## Data records
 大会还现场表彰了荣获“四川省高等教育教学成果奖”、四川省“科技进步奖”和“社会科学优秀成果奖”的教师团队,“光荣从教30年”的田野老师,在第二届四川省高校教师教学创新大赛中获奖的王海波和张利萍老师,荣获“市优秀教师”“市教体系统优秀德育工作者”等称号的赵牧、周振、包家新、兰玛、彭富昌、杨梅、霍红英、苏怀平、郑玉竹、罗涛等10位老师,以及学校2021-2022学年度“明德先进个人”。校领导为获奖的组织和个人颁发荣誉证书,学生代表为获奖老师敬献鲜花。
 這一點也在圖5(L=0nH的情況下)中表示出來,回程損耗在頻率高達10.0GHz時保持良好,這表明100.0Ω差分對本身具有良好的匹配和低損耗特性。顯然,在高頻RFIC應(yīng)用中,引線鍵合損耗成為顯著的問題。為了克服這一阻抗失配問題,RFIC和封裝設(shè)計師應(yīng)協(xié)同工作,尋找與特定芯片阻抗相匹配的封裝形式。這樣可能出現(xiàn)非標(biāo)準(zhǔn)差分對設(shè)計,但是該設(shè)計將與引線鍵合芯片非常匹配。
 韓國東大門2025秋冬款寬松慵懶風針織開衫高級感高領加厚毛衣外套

* * *

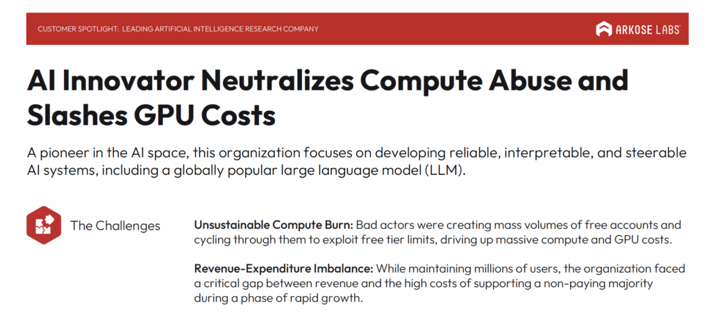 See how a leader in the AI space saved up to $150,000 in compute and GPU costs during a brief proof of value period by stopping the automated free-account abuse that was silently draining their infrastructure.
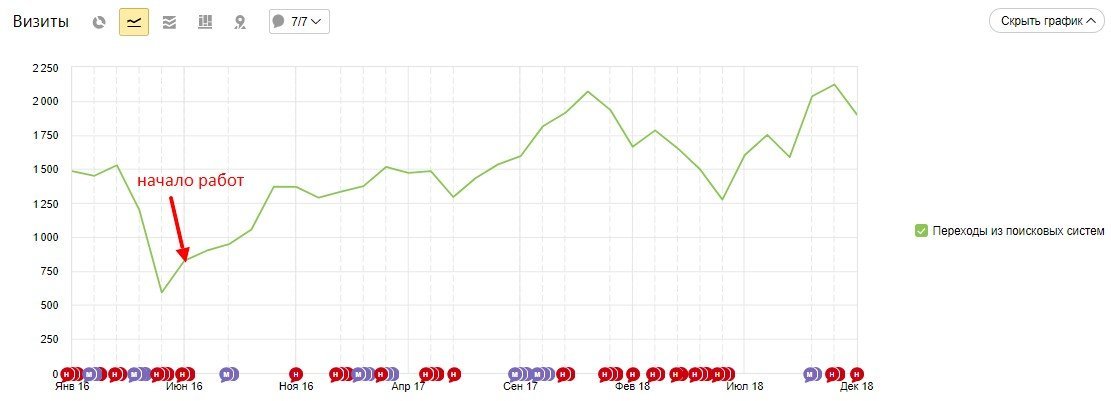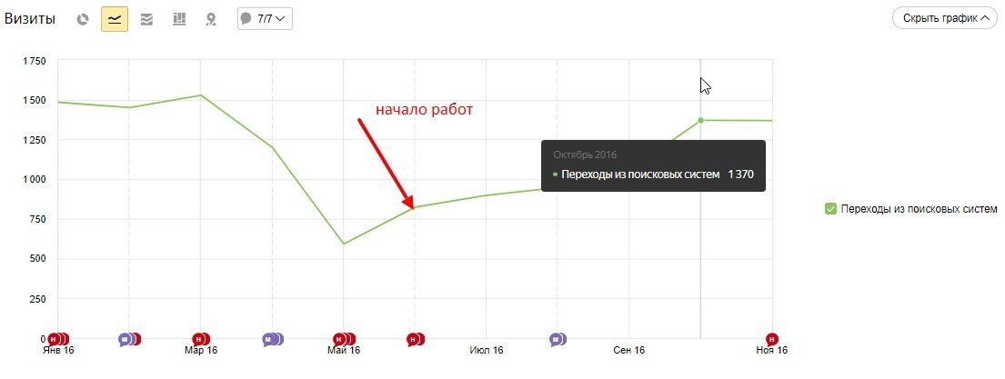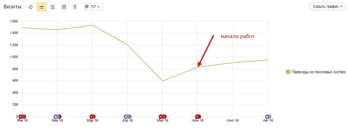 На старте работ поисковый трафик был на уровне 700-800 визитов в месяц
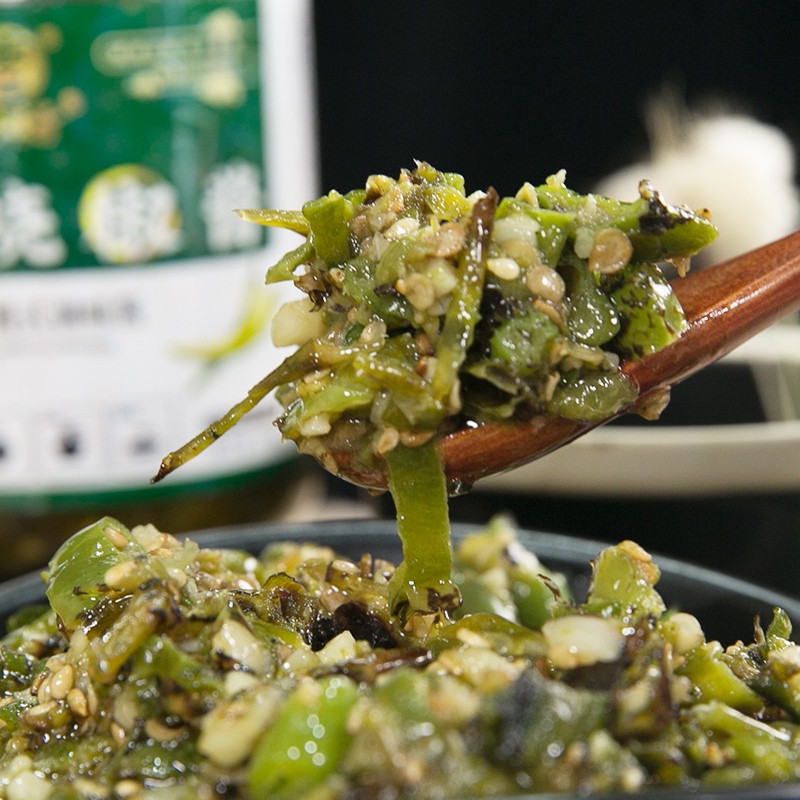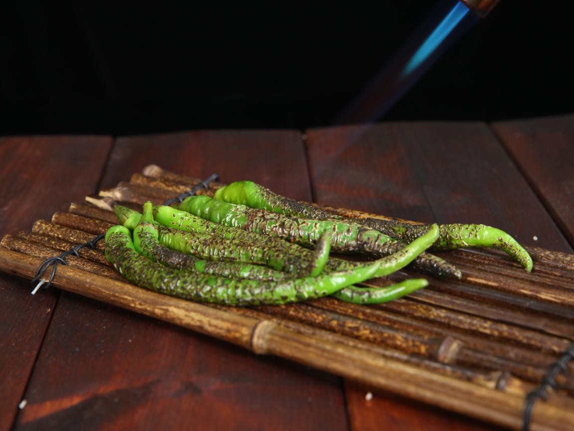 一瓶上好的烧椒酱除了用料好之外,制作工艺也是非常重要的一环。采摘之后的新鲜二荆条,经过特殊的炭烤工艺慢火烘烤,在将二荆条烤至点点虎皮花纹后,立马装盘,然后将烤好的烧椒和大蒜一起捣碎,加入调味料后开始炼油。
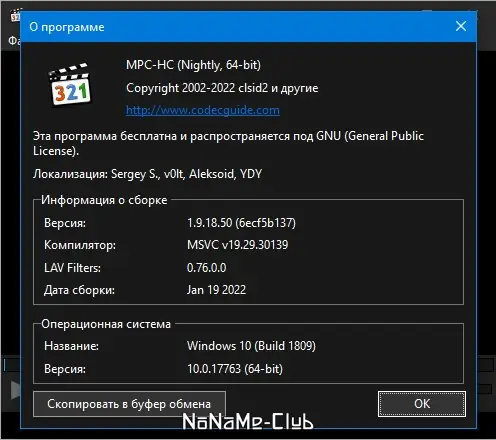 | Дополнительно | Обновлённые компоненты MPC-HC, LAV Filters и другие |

## Action item
Copy exactly the material above from the line with "See how a leader" to the line with "Filters и другие |", ends included, and nothing else. Leave out any picture.

## Answer section
 See how a leader in the AI space saved up to $150,000 in compute and GPU costs during a brief proof of value period by stopping the automated free-account abuse that was silently draining their infrastructure.
 На старте работ поисковый трафик был на уровне 700-800 визитов в месяц
 一瓶上好的烧椒酱除了用料好之外,制作工艺也是非常重要的一环。采摘之后的新鲜二荆条,经过特殊的炭烤工艺慢火烘烤,在将二荆条烤至点点虎皮花纹后,立马装盘,然后将烤好的烧椒和大蒜一起捣碎,加入调味料后开始炼油。
 | Дополнительно | Обновлённые компоненты MPC-HC, LAV Filters и другие |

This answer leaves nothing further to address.